■ TASK INSTRUCTIONS ■
Set down the whole listing below exactly. The pictures stay out.

■ INPUT DATA ■
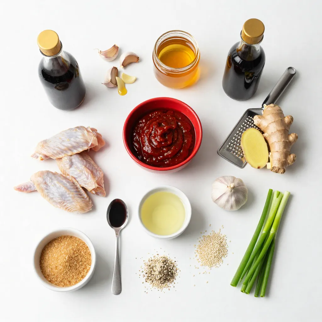 Spicy and sweet chicken wings marinated in a flavorful Korean chili paste sauce, baked to perfection.
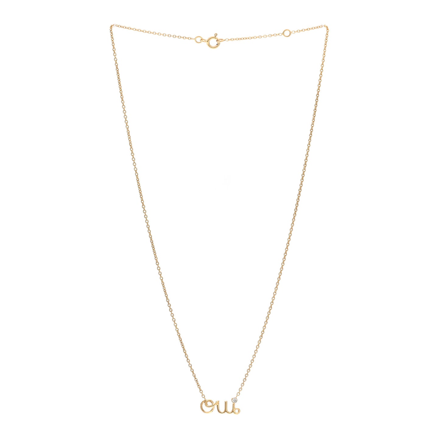 18K Yellow Gold Diamond Oui Pendant Necklace
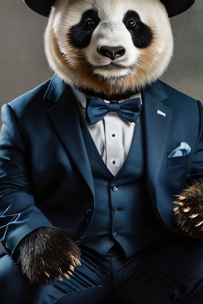 Cette image unique montre un charmant panda vêtu d'un élégant costume bleu et coiffé d'un chapeau assorti. La combinaison de l'élément animal et de l'élément humain crée un dessin ludique et étonnamment surréaliste. Le costume sophistiqué aux lignes nettes et les accessoires élégants tels que le chapeau donnent au panda une apparence presque humaine, mais les griffes contrastantes et le visage mignon nous ramènent au monde naturel. Ce motif, qui respire la créativité et l'humour, serait parfait comme œuvre d'art décorative pour un bureau ou un espace de vie. Il ne manquera pas de faire sourire les spectateurs et d'engager la conversation avec les invités.

■ EXPECTED ANSWER ■
 Spicy and sweet chicken wings marinated in a flavorful Korean chili paste sauce, baked to perfection.
 18K Yellow Gold Diamond Oui Pendant Necklace
 Cette image unique montre un charmant panda vêtu d'un élégant costume bleu et coiffé d'un chapeau assorti. La combinaison de l'élément animal et de l'élément humain crée un dessin ludique et étonnamment surréaliste. Le costume sophistiqué aux lignes nettes et les accessoires élégants tels que le chapeau donnent au panda une apparence presque humaine, mais les griffes contrastantes et le visage mignon nous ramènent au monde naturel. Ce motif, qui respire la créativité et l'humour, serait parfait comme œuvre d'art décorative pour un bureau ou un espace de vie. Il ne manquera pas de faire sourire les spectateurs et d'engager la conversation avec les invités.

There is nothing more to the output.